Companies can also gain early traction by partnering with academic institutions, joining R&D efforts, and embedding in innovation hubs. In the Southeast, Duke University’s Quantum Center and Georgia Tech’s role in the IBM Q Hub offer industry partners access to advanced systems and applied research, accelerating software and use-case development (Duke Quantum, GTRI).

South Carolina is beginning to build on these models through new initiatives at its leading research institutions, designed to advance applied quantum research, train local talent, and prepare industries and communities for the next phase of technological change. In recent years, SC Quantum laid a foundation by convening universities, industry, and government to push quantum work beyond the lab and into real economic use. SC Quantum fulfilled its mission, and the state now sits at the center of a network of organizations across the Carolinas, spanning advanced manufacturing, logistics, chemicals, pharmaceuticals, defense, and finance. If uptake follows projected paths, a report completed by Dr. Joseph Von Nessen from the USC Darla Moore School of Business (Von Nessen, 2025), estimates a 5.7% productivity lift, translating into $8.5 billion in new annual output and nearly 20,000 jobs statewide as quantum technologies move from experimentation to deployment.

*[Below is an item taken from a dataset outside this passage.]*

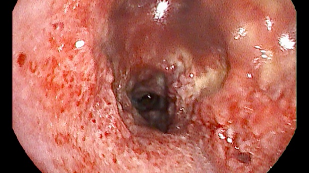 При осмотре правого главного бронха, верхнедолевого бронха, промежуточного бронха с переходом на среднедолевой и нижнедолевой бронх определяется идентичные изменения слизистой в виде гиперемии и отёка слизистой с сосудистыми вкраплениями и изъявлениями , множественная инфильтрация по типу полиповидных разрастаний с образованием язвенных дефектов покрытые детритом. Слизистая контактно кровоточит.

Quantum readiness comes down to timing and fit. The most effective strategies assess where quantum capabilities enhance current systems (optimizing processes, strengthening security, accelerating simulation) without assuming wholesale transformation. Thoughtful planning creates space for experimentation, internal capacity building, and cross-functional engagement. This approach positions companies to adopt with intent, respond to shifts confidently, and lead when the opportunity becomes actionable.